On Friday, 30 September 2022 at 15:57:22 UTC, Quirin Schroll wrote:

https://dlang.org/library/core/stdc/stdlib/aligned_alloc.html

It's the C func, so check C lib doc.

On Friday, 30 September 2022 at 16:23:00 UTC, mw wrote:

and then use emplace on the C-alloc-ed memory.

On Friday, 30 September 2022 at 15:57:22 UTC, Quirin Schroll wrote:

It is guaranteed an alignment of at least 1 because void.alignof == 1 (and because that is the lowest possible integer alignment). When I last checked, new T guaranteed a minimum alignment of min(T.alignof, 16), meaning that all basic scalar types (int, double, pointers, etc.), and SIMD __vectors up to 128 bits will be correctly aligned, while 256 bit (for example, AVX's __vector(double[4])) and 512 bit (AVX512) types might not be.

Arrays and aggregate types (structs and classes) by default use the maximum alignment required by any of their elements or fields (including hidden fields, like __vptr for classes). This can be overridden manually using the align attribute, which must be applied to the aggregate type as a whole. (Applying align to an individual field does something else.)

If the desired alignment is <= 16, you can specify a type with that .alignof.
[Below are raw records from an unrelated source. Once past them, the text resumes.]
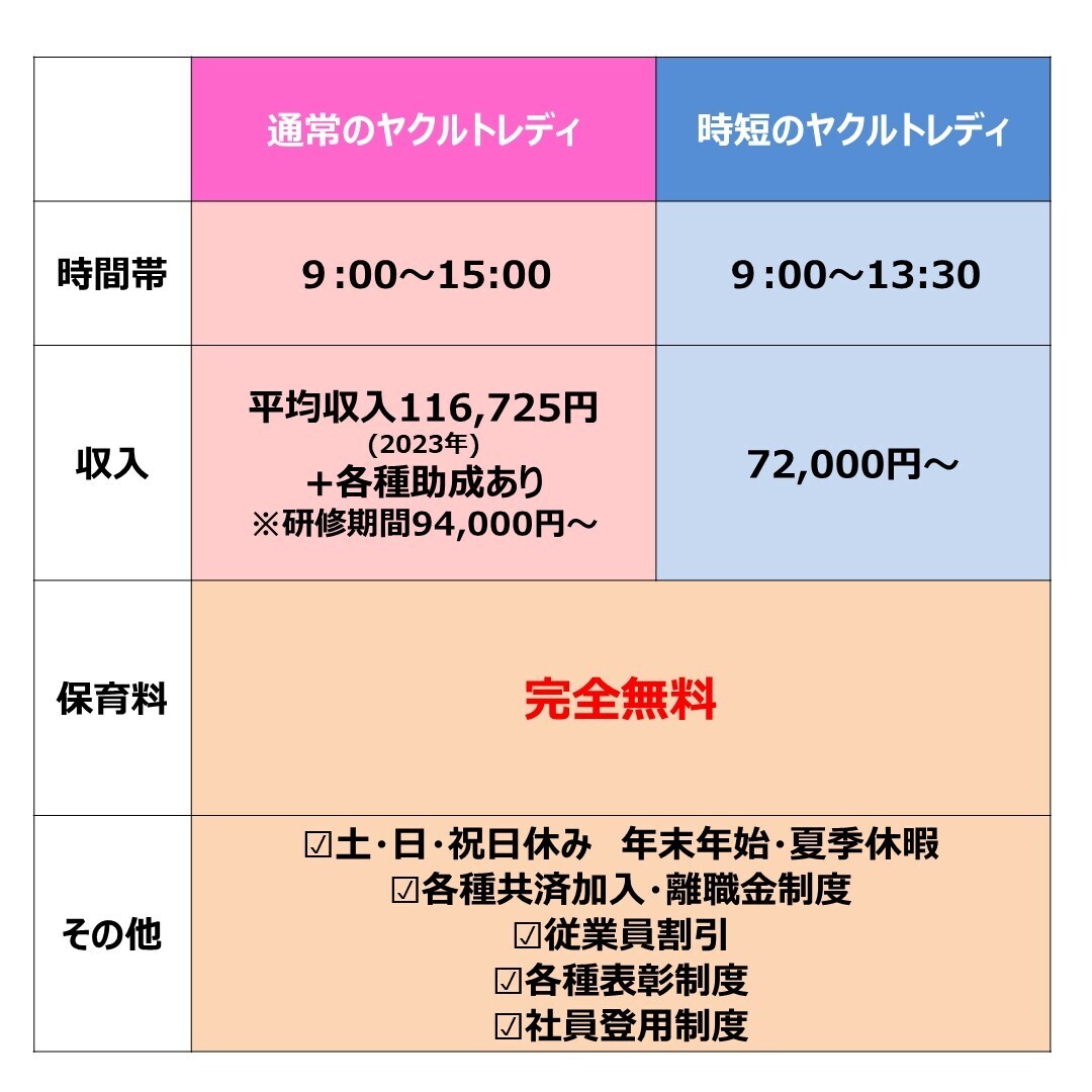 ヤクルトレディとして働くうえでの悩みや疑問を解消するために、お気軽にお問い合わせください。実際に働く場所や保育所もご覧いただけます!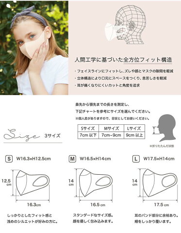 人間工学に基づいて設計されたデザインのため顔にしっかりフィット しつつ、口元にスペースをつくり、息苦しさを軽減します。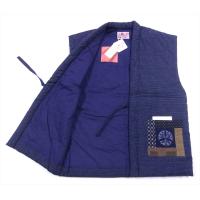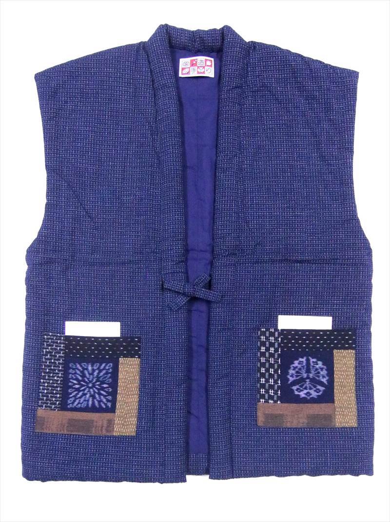 男性用袖なし半天(ちゃんちゃんこ ベスト ポンチョ)・表裏…綿100%・中わた…綿80%ポリエステル20%・着丈(きたけ・背中心からスソまでの長さ)82cm・身巾(みはば・胴廻り)130cm・裄(ゆき・背中心から肩口までの長さ)29cm・重さ580g・変わり織り(拡大写真参照)・福岡県久留米絣・ポケット2個付き・日本製・手軽でおしゃれな普段着の部屋着として人気があります。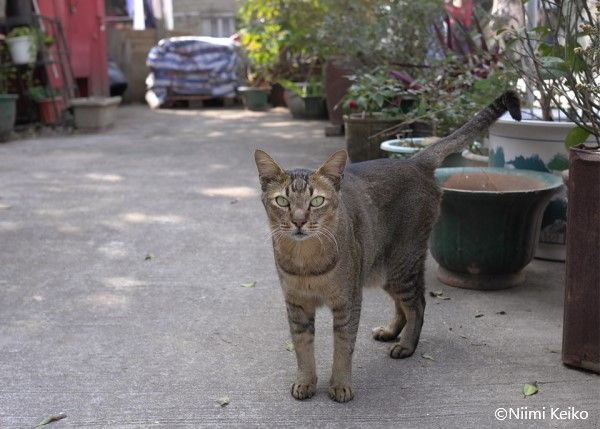坪洲龍母廟という寺院の裏手には猫が何匹かいますが、あまり仲良くなく、互いに距離を置いています。みんなオス猫だからでしょうか。

However, if you may need higher alignment than the maximum guaranteed to be available from the allocator, or you are not writing strongly typed code to begin with, as implied by your use of void[], you can just align the allocation yourself:

void[] newAligned(const(size_t) alignment)(const(size_t) size) pure @trusted nothrow
    if(1 <= alignment && isPowerOf2(alignment))
{
    enum alignMask = alignment - 1;
    void[] ret = new void[size + alignMask];
    const misalign = (cast(size_t) ret.ptr) & alignMask;
    const offset = (alignment - misalign) & alignMask;
    ret = ret[offset .. offset + size];
    return ret;
}

However, aligning memory outside of the allocator itself like this does waste up to alignment - 1 bytes per allocation, so it's best to use as much of the allocator's internal alignment capability as possible:

import core.bitop : bsr;
import std.math : isPowerOf2;
import std.meta : AliasSeq;

void[] newAligned(const(size_t) alignment)(const(size_t) size) pure @trusted nothrow
    if(1 <= alignment && isPowerOf2(alignment))
{
    alias Aligned = .Aligned!alignment;
    void[] ret = new Aligned.Chunk[(size + Aligned.mask) >> Aligned.chunkShift];
    static if(Aligned.Chunk.alignof == alignment)
        enum size_t offset = 0;
    else {
        const misalign = (cast(size_t) ret.ptr) & Aligned.mask;
        const offset = (alignment - misalign) & Aligned.mask;
    }
    ret = ret[offset .. offset + size];
    return ret;
}
private {
    align(16) struct Chunk16 {
        void[16] data;
    }
    template Aligned(size_t alignment)
        if(1 <= alignment && isPowerOf2(alignment))
    {
        enum int shift = bsr(alignment);
        enum size_t mask = alignment - 1;

        static if(alignment <= 16) {
            enum chunkShift = shift, chunkMask = mask;
            alias Chunk = AliasSeq!(ubyte, ushort, uint, ulong, Chunk16)[shift];
        } else {
            enum chunkShift = Aligned!(16).shift, chunkMask = Aligned!(16).mask;
            alias Chunk = Aligned!(16).Chunk;
        }
    }
}
@safe unittest {
    static immutable(size_t[]) alignments =
        [ 1, 2, 4, 8, 16, 32, 64, 128, 256, 512, 1024 ];
    static immutable(size_t[]) sizes =
        [ 9, 31, 4, 57, 369, 3358 ];

    foreach(size; sizes) {
        static foreach(alignment; alignments) { {
            void[] memory = newAligned!alignment(size);
            assert(memory.length == size);
            assert((cast(size_t) &(memory[0])) % alignment == 0);
        } }
    }
}

In practice, yes.

On Friday, 30 September 2022 at 16:23:00 UTC, mw wrote:

https://en.cppreference.com/w/c/memory/aligned_alloc

Note that common implementations place arbitrary restrictions on the alignments and sizes accepted by aligned_alloc, so to support the general case you would still need a wrapper function like the one I provided above.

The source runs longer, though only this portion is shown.